I was born and raised in New York City and my passions have always been learning and sports, so it was probably inevitable that I became a researcher-professor and have been a life-long runner.

Vancouver 1st half_best time since donation

My chosen discipline is genomics, basically looking at all one’s genes and how they interact with one’s environment to make us who we are. I’m a professor of translational genomics at the University of British Columbia in Vancouver, Canada.  As I remind my students now is the absolute BEST time to work in this field, because nearly anything is possible. When I was in graduate school I sequenced one gene for my Ph.D., 2 years ago I sequenced my entire genome in one week! And just last year the world witnessed the first successful gene therapy trial where genome editing was used to cure several patients with sickle cell disease.

Hero_in Addis Ababa

Meeting a marathon legend in Ethiopia to teach a genomics workshop at the University of Addis Ababa, 2019

I am equally passionate about training in general and running in particular. In high school, I was an okay cyclist (Cat 3 racer) but once I started graduate school, hours on the bike were hours I wasn’t in the lab. Running was always available, and required so little preparation, so it became my passion, and the thing that helped me maintain my sanity.  I have been fortunate to live in great running places, New York, Philadelphia, Boulder, San Francisco, Toronto, southern Norway and now Vancouver, BC.

Dreading the start of the Yukon arctic ultra, 2017

Dreading the start of the Yukon Arctic Ultra, 2017

As a research scientist, I’ve always been amazed at the robustness and resilience of the organism, and I have leaned on that knowledge any time I’ve been injured. I guess that understanding played a part in my eagerness to donate a kidney, knowing that the body can recover, compensate, and thrive. The philosophical aspect of donation also intrigued me. After reading Larissa MacFarquhar article “The Kindest Cut” about anonymous donors in 2009 in the New Yorker and then her book Strangers Drowning in 2015 I could not shake the desire to donate. I had no one to donate to, so I decided on an anonymous donation.

 

When I turned 50, I made the decision that I wasn’t getting any younger nor was my kidney, and having no kids of my own and no family members in need of one the timing seemed right. The decision was simple, the process not so much. The fantastic team at BC transplant shepherded me through all the testing over the course of 6 months, then I had to wait a few months more so that my donation could start a chain. While I was certain that this was what I wanted and that it made sense, my family was less certain. They were confused more than anything, unsure why I would put myself in potential harm, for “no good reason”. But in a few weeks, they came around, not necessarily enthusiastic, but supportive. The argument that carried the day was that it made me happy to think of my donation, and in fact, it still does.

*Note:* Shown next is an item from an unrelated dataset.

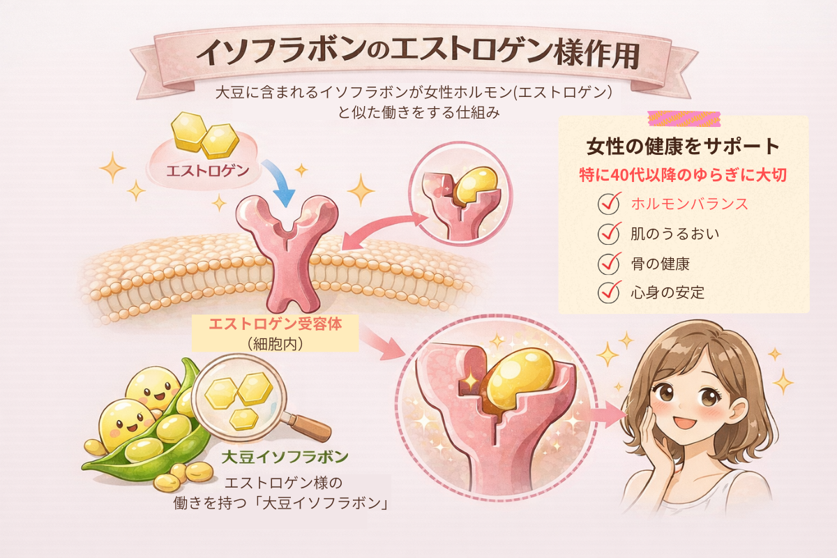 特にエストロゲンの分泌が低下しやすい40代以降では、イソフラボンがエストロゲン様に作用することで、身体のリズムを緩やかにサポートしてくれます。

Northern Trails Marathon Age group win

Northern Trails Marathon age group win

The surgery was uneventful, and 48 hours later I was walking gingerly around Vancouver, 2 weeks post-op I jogged a mile and 3 months later I signed up for Boston. It was the weather, not my surgery conspired against me and I dropped out at mile 14, along with a van full of freezing elite athletes. Undeterred, I ran the Vancouver Marathon 2 months later, and my time was within 30 sec off my last pre-donation marathon (3:23). I’ve since done 3 more marathons, including the Midnight Sun Marathon in Tromso Norway, waaaay north of the Arctic Circle. By the way, it was 39 degrees, rained the entire time and no one saw the sun at midnight!

The not-sunny midnight sun marathon Tromso, Norway 2019

So these the facts, and my motivation for documenting these facts is that when I was thinking about donating, a primary concern about the surgery and donation was whether or not I was going to be able run and specifically run marathons. While no one flat out said “no”, no one said yes either.  Being a research scientist, I was certain there would be good data available, but I was wrong. There is actually very little in the way peer-reviewed literature or even case reports- so my best source of information was anecdotal narratives on the web.

Admittedly, my story is just another narrative, and while “the plural of anecdotes is not data” at some point the weight of the evidence- my story- and all of the others on this fantastic website-underscore the reality that kidney donation and long-distance running are perfectly compatible.

first post-op marathon

First post-op marathon

There are other benefits as well. Invariably, when I reach mile 18 of a marathon- just far enough from the finish to get really existentially angsty- I have something most of the other runners don’t- the knowledge that I was able to do something unequivocally positive and bounce back to resume running with the same excitement and enthusiasm.

I just finished my 26th marathon recently and look forward to running NYC this November. I’ve run it 8 times, and my second 1K version.